A memória – que nenhum censor, ou negacionista apaga – conserva intato, ainda, o desejo infantil de se tornar maquinista de trem. “Chegando a Azinhaga, como reencontrar essas pegadas do passado?”, eu lhe pergunto. Saramago me diz que, já que insisto mesmo em ir, devo procurar pelo barbeiro José dos Reis. “Há cinco anos, estive na aldeia. Conversamos muito. Ele conserva a memória.” Recorda – sem esconder a ironia — que, em Azinhaga, agora existe uma Rua José Saramago. “Mas isso não vai lhe dizer nada”, ressalva. Nunca fiz minha viagem a Azinhaga.

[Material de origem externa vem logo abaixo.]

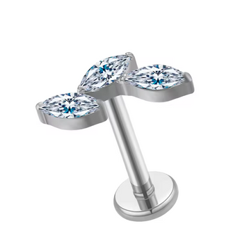 Delicate marquise gems nestled in an enchanting leaf design—this stud brings a touch of botanical elegance to your ear. Three sparkling stones catch the light with every turn of your head, creating a subtle shimmer that whispers rather than shouts. Perfect for those who love nature-inspired jewellery with a refined, understated charm. A playful nod to the garden, right where it belongs.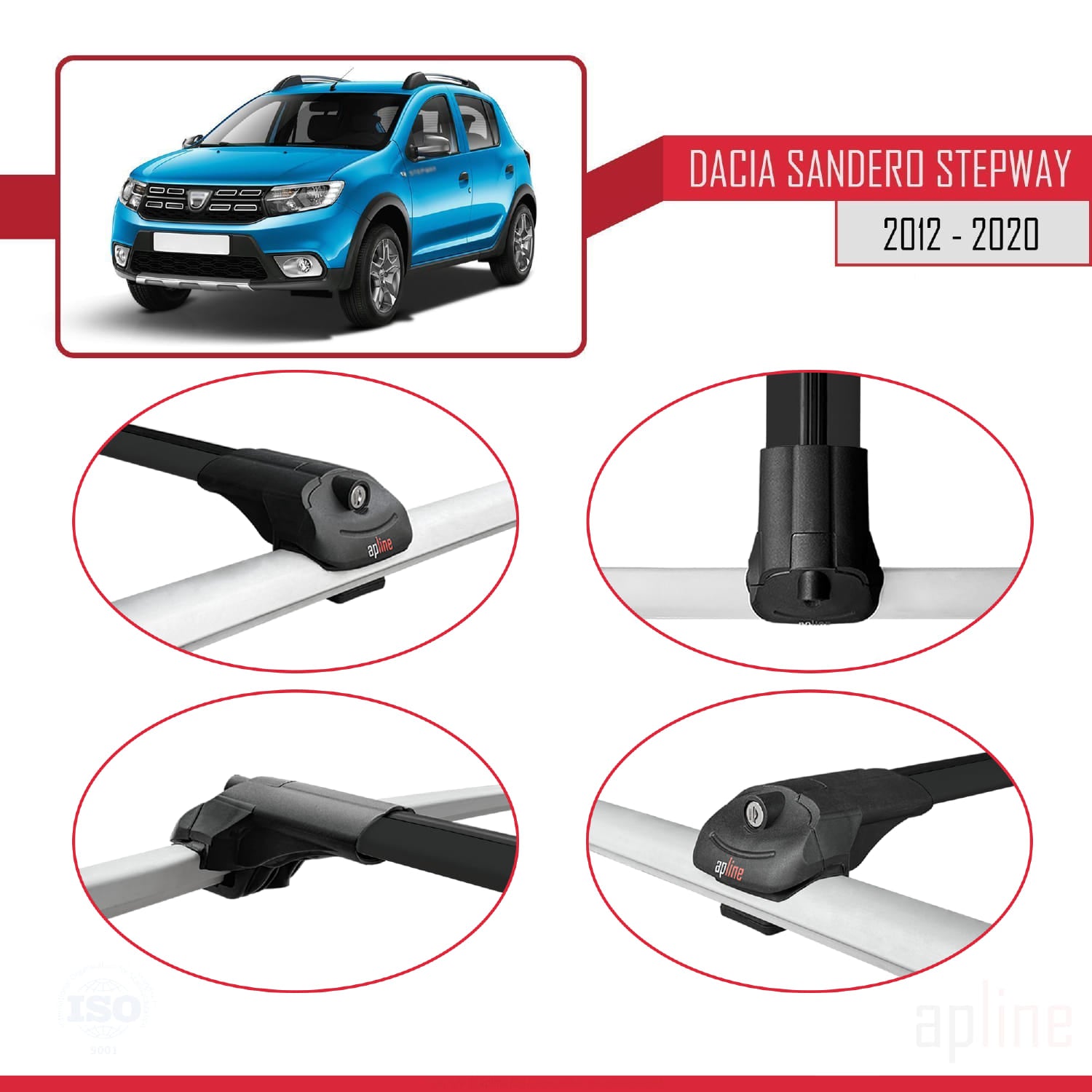 Compatible avec Dacia Sandero Stepway 2 2012-2020 ACE-1 Barres de Toit Railing Porte-Bagages de Voiture Noir Aluminium 3 Barres

Contra a fúria dos que se empenham em destruí-la, indiferente aos indiferentes, a memória se conserva nas frestas do real. Ela se infiltra, ainda, nos nomes. O pai do escritor se chamava José de Sousa. Saramago – o nome de uma hortaliça – era só uma alcunha. Ao registrar o filho, o escrivão lhe perguntou qual seria o nome do menino. “Vai se chamar José como o pai”, limitou-se a dizer. O tabelião não teve dúvidas: colocou no registro o sobrenome Saramago. Só na escola primária, quando o menino já tinha sete anos, o pai se deu conta do engano. Em Lisboa, ele só era tratado como o “Sr. Sousa”, nunca como o “Sr. Saramago”. O filho herdou um nome que não existia.

Em respeito aos apelos da memória, o pai se dirigiu a um cartório para mudar o próprio nome. Tornou-se José de Sousa Saramago. Ainda perplexo, o escritor me diz: “Sou o único caso em que o filho deu nome ao pai”. A memória não se apaga. Podemos rasurá-la, deformá-la, falsificá-la, mas ela persiste. Ainda bem.